LLM日志系统
--- title: "LLM日志系统" description: "深入讲解大语言模型日志系统的设计与实现,涵盖结构化日志、ELK Stack部署、日志分析与管理的完整方案。" tags: ["LLM日志", "结构化日志", "ELK Stack", "日志管理"] category: "llm" icon: "🧠"
LLM日志系统
LLM日志的特殊性
大语言模型系统的日志与传统Web应用有显著不同。LLM日志需要记录的不仅是请求和响应,还包括Prompt内容、模型参数、生成的Token序列以及质量评估结果。
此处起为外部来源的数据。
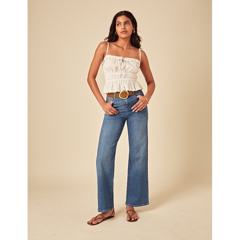 Your new go-to blue jeans. Designed to a classic high rise, these stretchy jeans are balanced by a relaxed wide leg. Designed to flatter, this style sits close to the body at the waist and hips. For that stylish look, wear with your favourite white tee.

这些日志数据量大、结构复杂,需要专门的设计来有效管理。
关键日志类型
- 请求日志:用户输入、系统Prompt、模型配置
- 响应日志:生成内容、Token使用量、停止原因
- 质量日志:人工标注、自动评分、用户反馈
- 性能日志:延迟分解、资源消耗、队列等待
结构化日志设计
日志Schema定义
from pydantic import BaseModel
from typing import Optional, List
from datetime import datetime
from enum import Enum
class LogLevel(str, Enum):
INFO = "info"
WARNING = "warning"
ERROR = "error"
class LLMLogEntry(BaseModel):
timestamp: datetime
request_id: str
user_id: Optional[str]
model_name: str
prompt: str
response: Optional[str]
system_prompt: Optional[str]
temperature: float
max_tokens: int
input_tokens: int
output_tokens: int
latency_ms: float
first_token_latency_ms: Optional[float]
stop_reason: str
level: LogLevel
metadata: dict = {}
class QualityLogEntry(BaseModel):
request_id: str
rating: Optional[int]
feedback: Optional[str]
annotations: List[str] = []
reviewer_id: Optional[str]
日志记录器实现
import json
import logging
import uuid
from datetime import datetime
class StructuredLogger:
def __init__(self, service_name: str):
self.service_name = service_name
self.logger = logging.getLogger(service_name)
handler = logging.StreamHandler()
handler.setFormatter(logging.Formatter('%(message)s'))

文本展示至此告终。